◆ **Given material**
####################
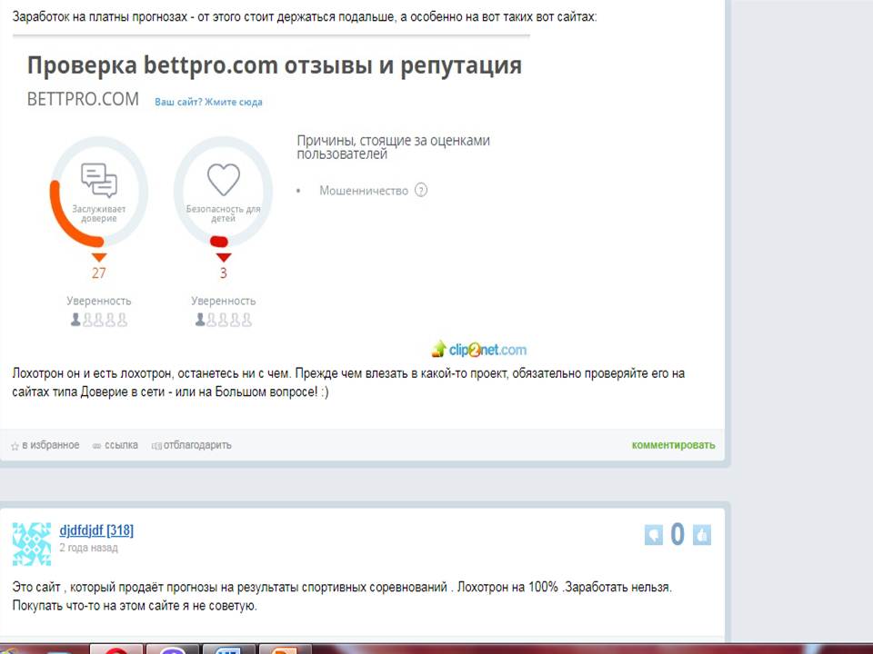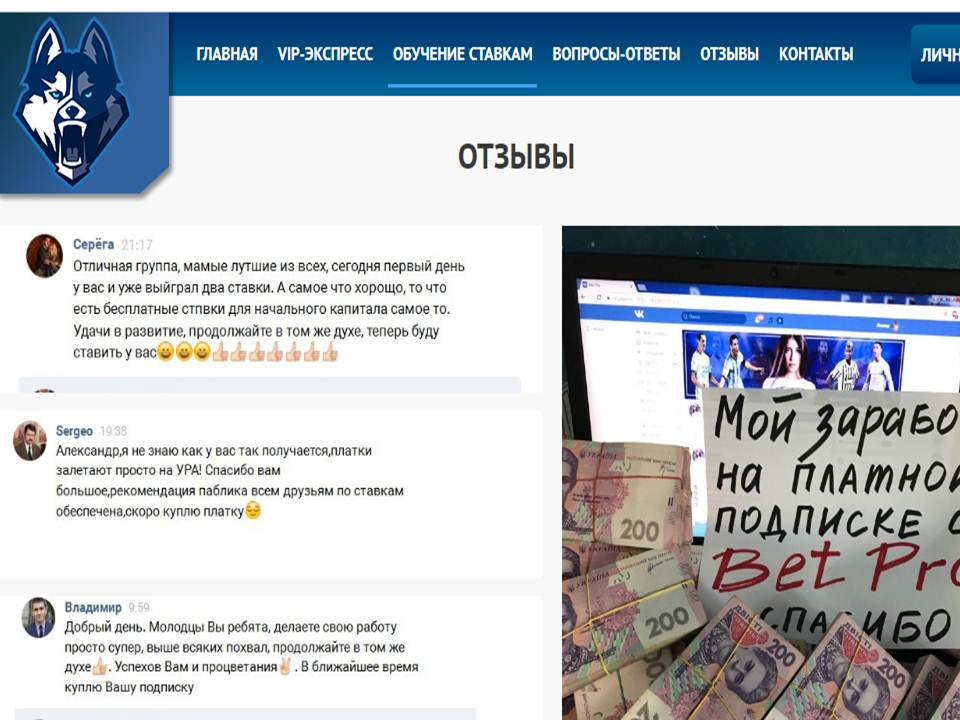 В группе во «ВКонтакте» указано, что от имени Bet Pro действуют мошенники, а настоящие прогнозы продаются только через сайт. Соцсети используются лишь для рекламы и поиска клиентов. Ссылка на сотрудника Bet Pro оказалась недействительной — страница заморожена. Создается впечатление, что сервис зарабатывает, продавая примитивные прогнозы.
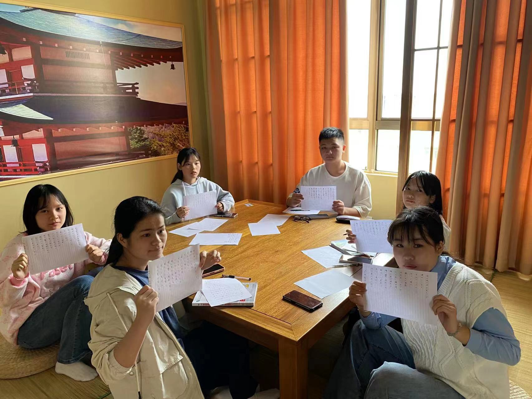 比赛期间,同学们认真专注,尽情在纸上展现出自己的风采。通过本次比赛,我们看到了同学们对于日语学习的热情、对文字的尊重,以及字里行间所表现出的生活态度和人文素养。比赛结束,通过评委老师的评审,最终评选出众多优秀作品。
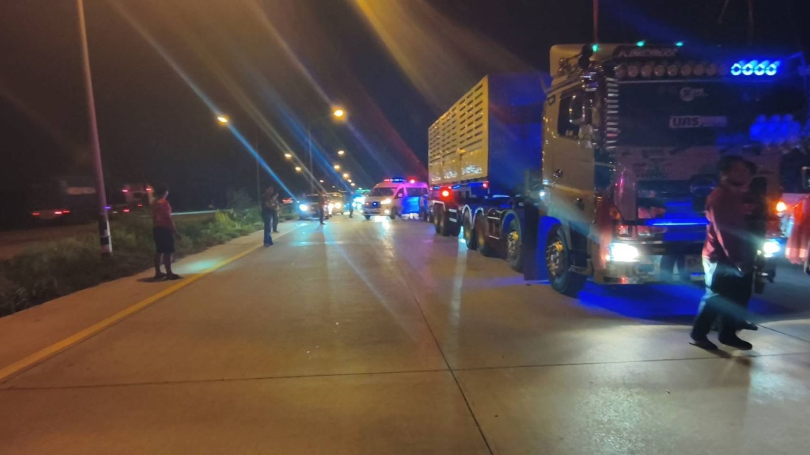 ที่เกิดเหตุพบรถเทรลเลอร์ 10 ล้อยี่ห้อ isuzu rocky สีขาวหมายเลขทะเบียน 86-8140 ชลบุรี ด้านท้ายรถได้รับความเสียหายและพบรถจักรยานยนต์ ยี่ห้อ ฮอนด้าเวฟ 110 ไอ สีน้ำเงินดำ ทะเบียน 5735 ชลบุรี พบชายอายุ 63 ปีนอนหมดสติ และมีนักท่องเที่ยวหญิง3 คน ที่ขับรถผ่านและพบเหตุพอดีได้ให้การช่วยเหลือ ปฐมพยาบาลในเบื้องต้น และตรวจชีพจรไม่พบ จึงช่วยกันปั้มหัวใจ นานกว่า 20 นาที แต่ไม่เป็นผล ผู้บาดเจ็บเสียชีวิตในเวลาต่อมา
####################
◆ **Task to complete**
None of the pictures should be carried over when the data above is transcribed exactly.

◆ **Answer section**
 В группе во «ВКонтакте» указано, что от имени Bet Pro действуют мошенники, а настоящие прогнозы продаются только через сайт. Соцсети используются лишь для рекламы и поиска клиентов. Ссылка на сотрудника Bet Pro оказалась недействительной — страница заморожена. Создается впечатление, что сервис зарабатывает, продавая примитивные прогнозы.
 比赛期间,同学们认真专注,尽情在纸上展现出自己的风采。通过本次比赛,我们看到了同学们对于日语学习的热情、对文字的尊重,以及字里行间所表现出的生活态度和人文素养。比赛结束,通过评委老师的评审,最终评选出众多优秀作品。
 ที่เกิดเหตุพบรถเทรลเลอร์ 10 ล้อยี่ห้อ isuzu rocky สีขาวหมายเลขทะเบียน 86-8140 ชลบุรี ด้านท้ายรถได้รับความเสียหายและพบรถจักรยานยนต์ ยี่ห้อ ฮอนด้าเวฟ 110 ไอ สีน้ำเงินดำ ทะเบียน 5735 ชลบุรี พบชายอายุ 63 ปีนอนหมดสติ และมีนักท่องเที่ยวหญิง3 คน ที่ขับรถผ่านและพบเหตุพอดีได้ให้การช่วยเหลือ ปฐมพยาบาลในเบื้องต้น และตรวจชีพจรไม่พบ จึงช่วยกันปั้มหัวใจ นานกว่า 20 นาที แต่ไม่เป็นผล ผู้บาดเจ็บเสียชีวิตในเวลาต่อมา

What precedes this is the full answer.